A-ha! The type is `str`. So the error message we got before (`unsupported operand type(s) for +: 'int' and 'str'`) is Python's way of telling us, "You gave me a list of strings and then asked me to add them all together. I'm not sure what I can do for you."

So there's one step left in our process of "converting" our "raw" string, consisting of comma-separated numbers, into a list of numbers. What we have is a list of strings; what we want is a list of numbers. Fortunately, we know how to write an expression to transform one list into another list, applying an expression to each member of the list along the way—it's called a list comprehension. Equally fortunately, we know how to write an expression that converts a string representing an integer into an actual integer (`int()`).
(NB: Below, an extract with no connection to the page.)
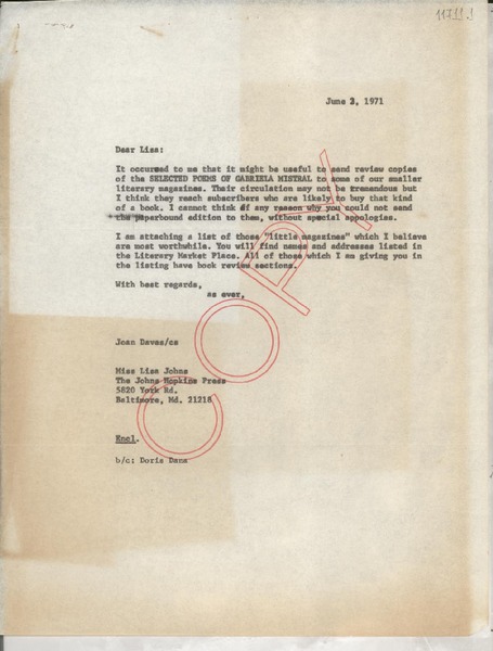 [Carta] 1971 June 2, [Estados Unidos] [a] Miss Lisa Johns, The Johns Hopkins Press, 5820 York Rd., Baltimore, Md. [manuscrito] Joan Daves.
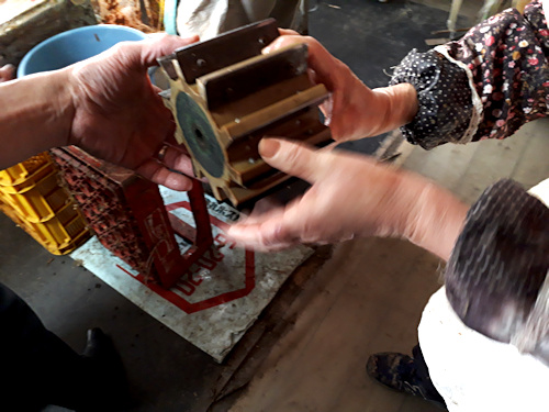 次はこの歯のついた麻ひき機で、繊維垢を削り取ります。

Here's how to write that expression:

In [144]:
[int(x) for x in str_list]

[17,
 25,
 26,
 25,
 35,
 18,
 25,
 33,
 39,
 30,
 13,
 21,
 22,
 35,
 28,
 27,
 26,
 23,
 21,
 21,
 24,
 17,
 25,
 30,
 24,
 18,
 38,
 19,
 33,
 26,
 26,
 15,
 30,
 32,
 32,
 36,
 25,
 21,
 34,
 30,
 29,
 27,
 18,
 34,
 30,
 24,
 31,
 13,
 37,
 36,
 42,
 33,
 31,
 20,
 61,
 22,
 19,
 17,
 23,
 19,
 21,
 24,
 43,
 15,
 25,
 32,
 38,
 17,
 13,
 32,
 17,
 34,
 38,
 29,
 37,
 36,
 27]

Let's double-check that the values in this list are, in fact, integers, by spot-checking the first item in the list:

In [145]:
type([int(x) for x in str_list][0])

int

Hey, voila! Now we'll assign that list to a variable, for the sake of convenience, and then check to see if `sum()` works how we expect it to.

In [209]:
int_list = [int(x) for x in str_list]
print sum(int_list)

2089


Wow! 2089 points in one season! Good work, King James.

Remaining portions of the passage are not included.